Unnamed: 0_level_0,rating|size,rating|mean,similarity
title,Unnamed: 1_level_1,Unnamed: 2_level_1,Unnamed: 3_level_1
101 Dalmatians (1996),109,2.908257,0.211132
12 Angry Men (1957),125,4.344,0.184289
2001: A Space Odyssey (1968),259,3.969112,0.230884
Absolute Power (1997),127,3.370079,0.08544
"Abyss, The (1989)",151,3.589404,0.203709


And, sort these new results by similarity score. That's more like it!

In [17]:
mappedColumnsMoviestatDF.sort_values(['similarity'], ascending=False)[:15]

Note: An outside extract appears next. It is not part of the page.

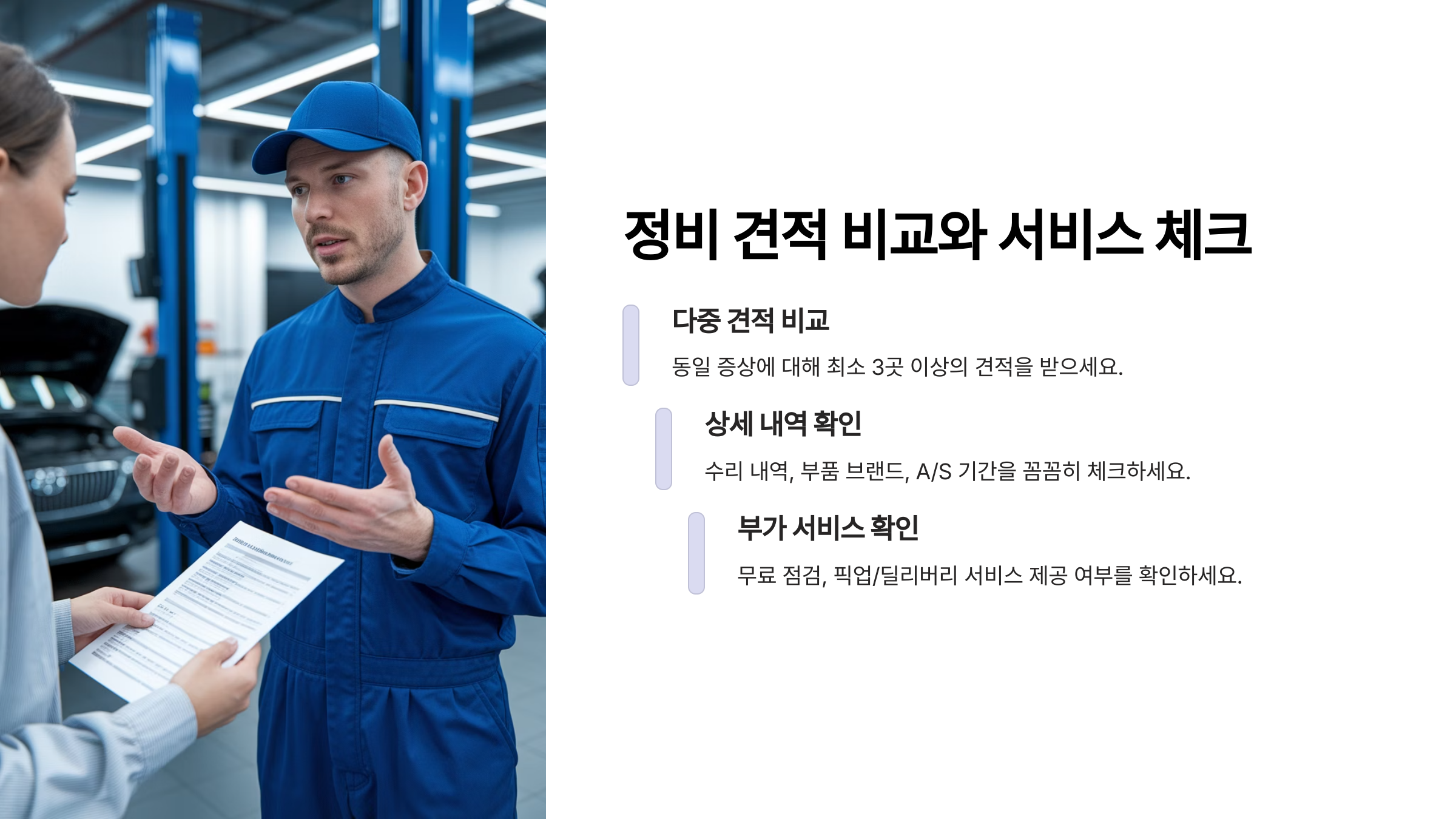 정비 견적은 단순 가격뿐 아니라 신뢰와 합리성을 확인할 수 있는 중요한 기준이에요. 같은 비용이라도 누가 더 정직하게 설명하고, 어떤 부품을 쓰는지가 결국 서비스 만족도를 좌우하죠! 다음은 정비소에서 어떤 서비스를 제공하는지도 살펴볼게요 🔍
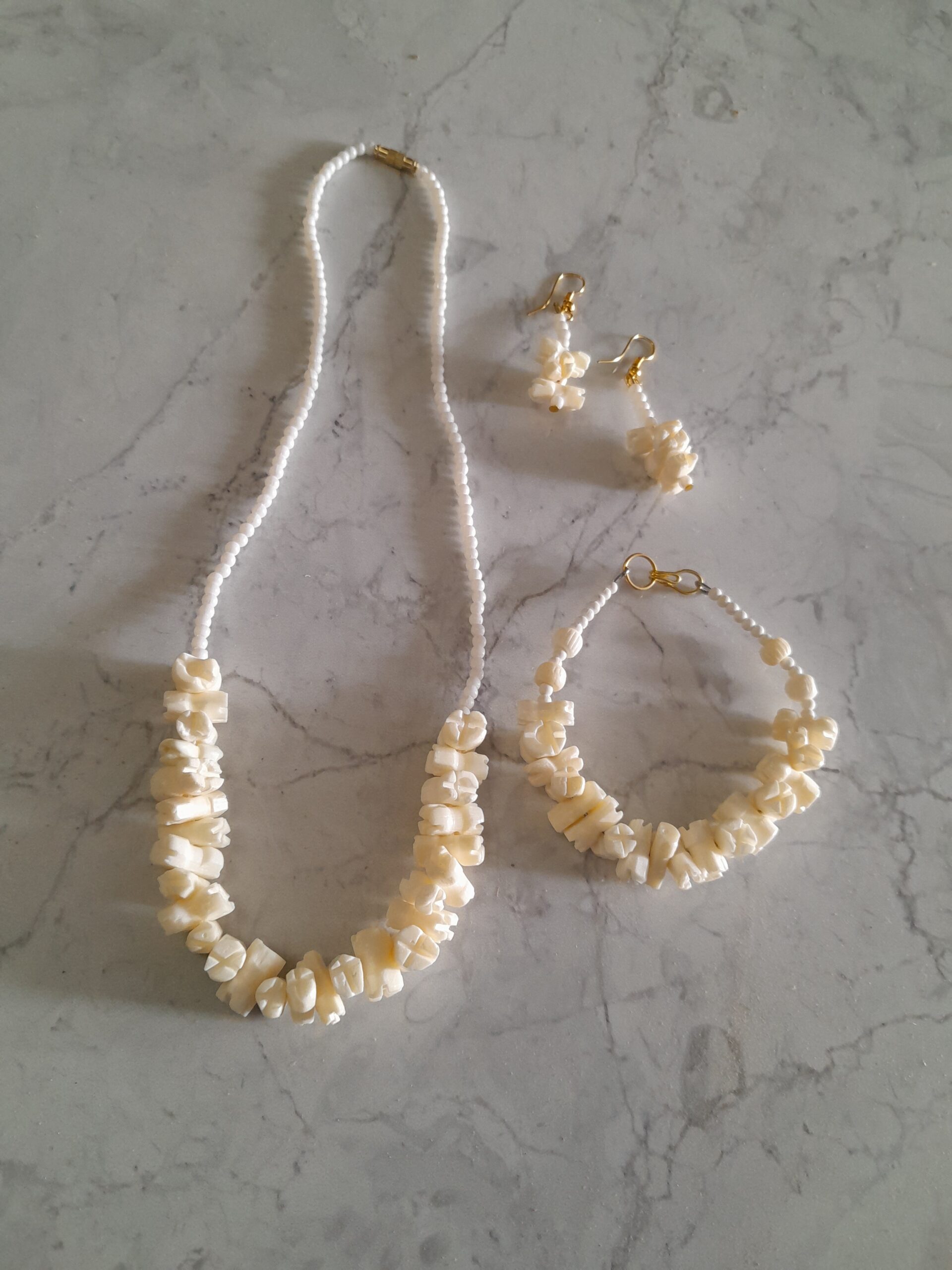 Beautiful Handmade camel Bone Carving Necklace and bracelet earing pair

Unnamed: 0_level_0,rating|size,rating|mean,similarity
title,Unnamed: 1_level_1,Unnamed: 2_level_1,Unnamed: 3_level_1
Star Wars (1977),584,4.359589,1.0
"Empire Strikes Back, The (1980)",368,4.206522,0.748353
Return of the Jedi (1983),507,4.00789,0.672556
Raiders of the Lost Ark (1981),420,4.252381,0.536117
Austin Powers: International Man of Mystery (1997),130,3.246154,0.377433
"Sting, The (1973)",241,4.058091,0.367538
Indiana Jones and the Last Crusade (1989),331,3.930514,0.350107
Pinocchio (1940),101,3.673267,0.347868
"Frighteners, The (1996)",115,3.234783,0.332729
L.A. Confidential (1997),297,4.161616,0.319065


Ideally we'd also filter out the movie we started from - of course Star Wars is 100% similar to itself. But otherwise these results aren't bad.

## Activity

100 was an arbitrarily chosen cutoff. Try different values - what effect does it have on the end results?